··· INFORMATION SHOWN

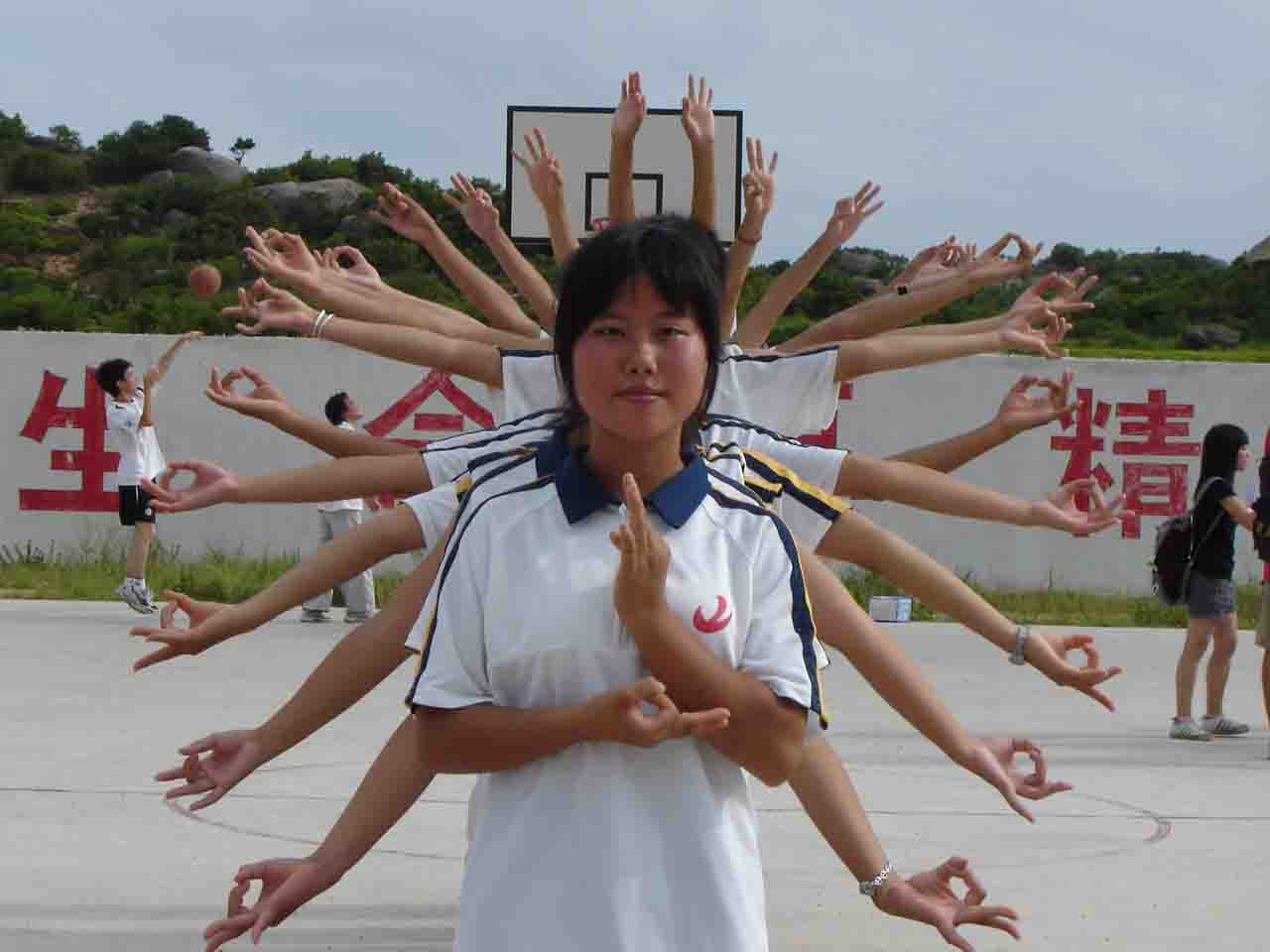 第一个游戏看似容易,只是自我介绍,并做出自己标志性的动作,然后就抛球喊出对方名字,让对方做出动作。但游戏开始,大家只是低头细声说出自己的名字,动作也拘束无创意。但经过老师们对于自信重要性命与表现机会的难得性的鼓动后,同学们的积极性明显提高,声音雄亮,介绍有特色,动作逐渐夸张。
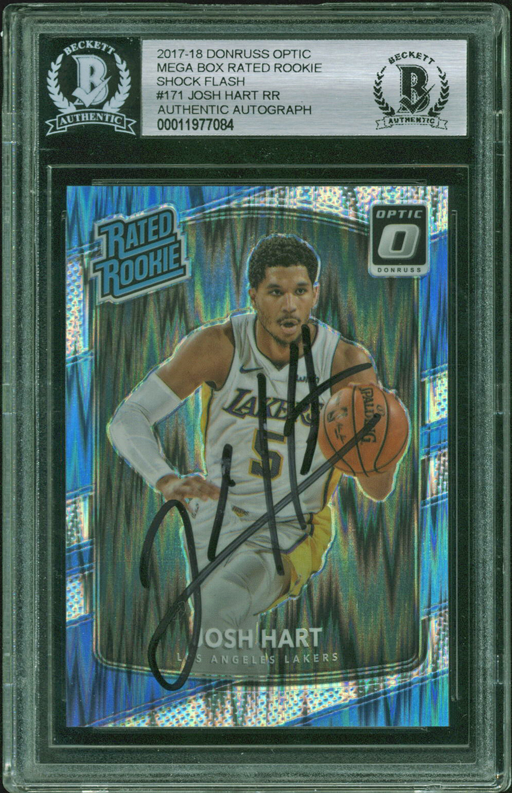 Hornets Josh Hart Signed 2017 Donruss Optic RR Shock Flash #171 Card BAS Slabbed
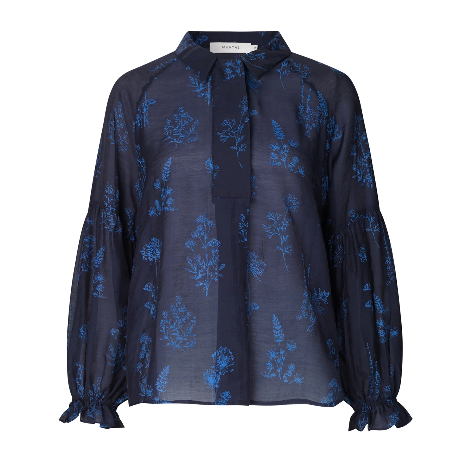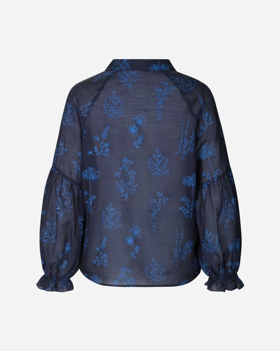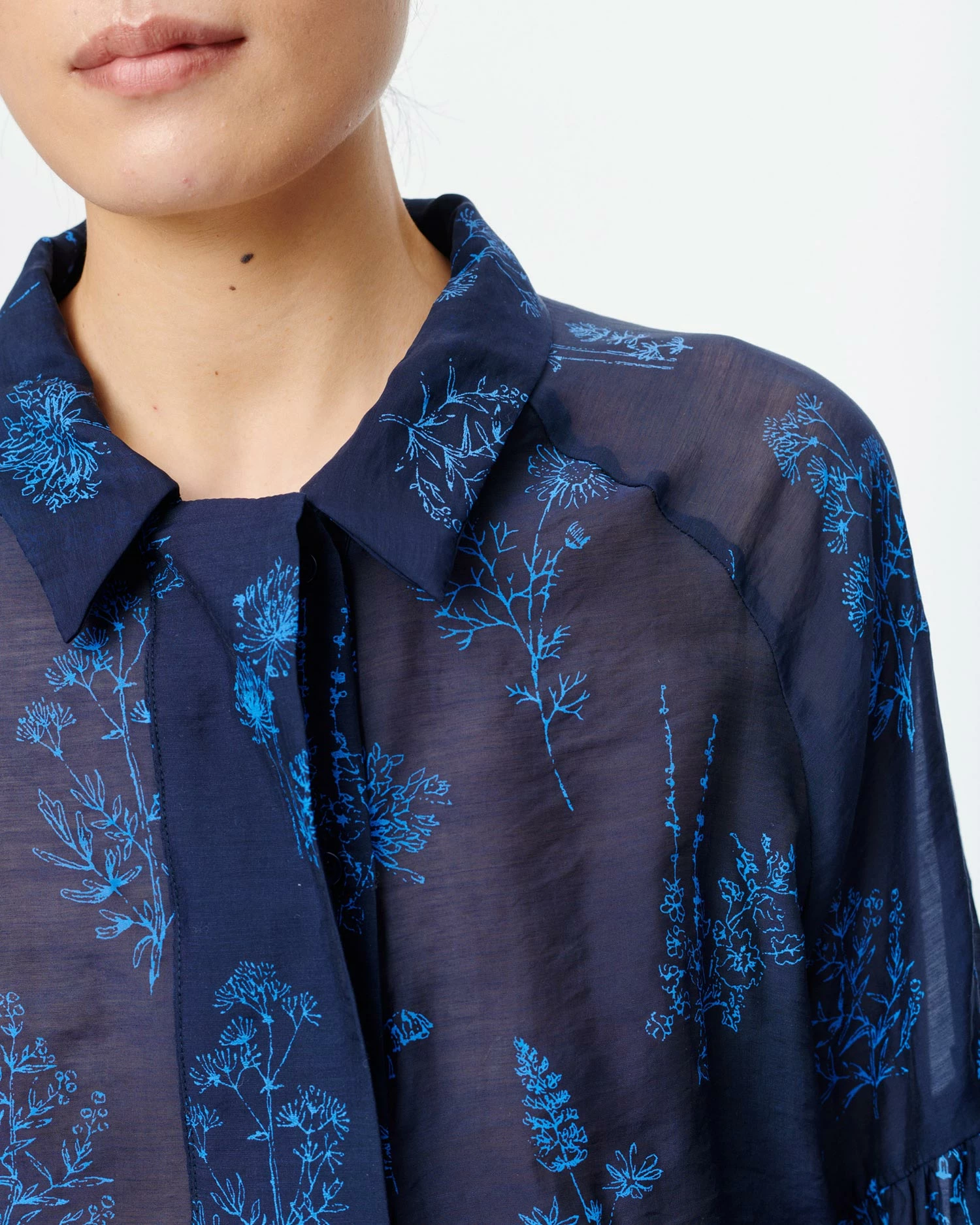 Short tunica shirt in a soft TENCEL lyocell, a great alternative to the normal viscose and created from some of the most sustainable fibers. The shirt has a small pointed collar and hidden buttons in the front. Straight fit with a soft drape and long balloon sleeves with a small hidden elastic band by the wrist.

······

Leave out the pictures and reproduce the rest of the listing exactly.

 第一个游戏看似容易,只是自我介绍,并做出自己标志性的动作,然后就抛球喊出对方名字,让对方做出动作。但游戏开始,大家只是低头细声说出自己的名字,动作也拘束无创意。但经过老师们对于自信重要性命与表现机会的难得性的鼓动后,同学们的积极性明显提高,声音雄亮,介绍有特色,动作逐渐夸张。
 Hornets Josh Hart Signed 2017 Donruss Optic RR Shock Flash #171 Card BAS Slabbed
 Short tunica shirt in a soft TENCEL lyocell, a great alternative to the normal viscose and created from some of the most sustainable fibers. The shirt has a small pointed collar and hidden buttons in the front. Straight fit with a soft drape and long balloon sleeves with a small hidden elastic band by the wrist.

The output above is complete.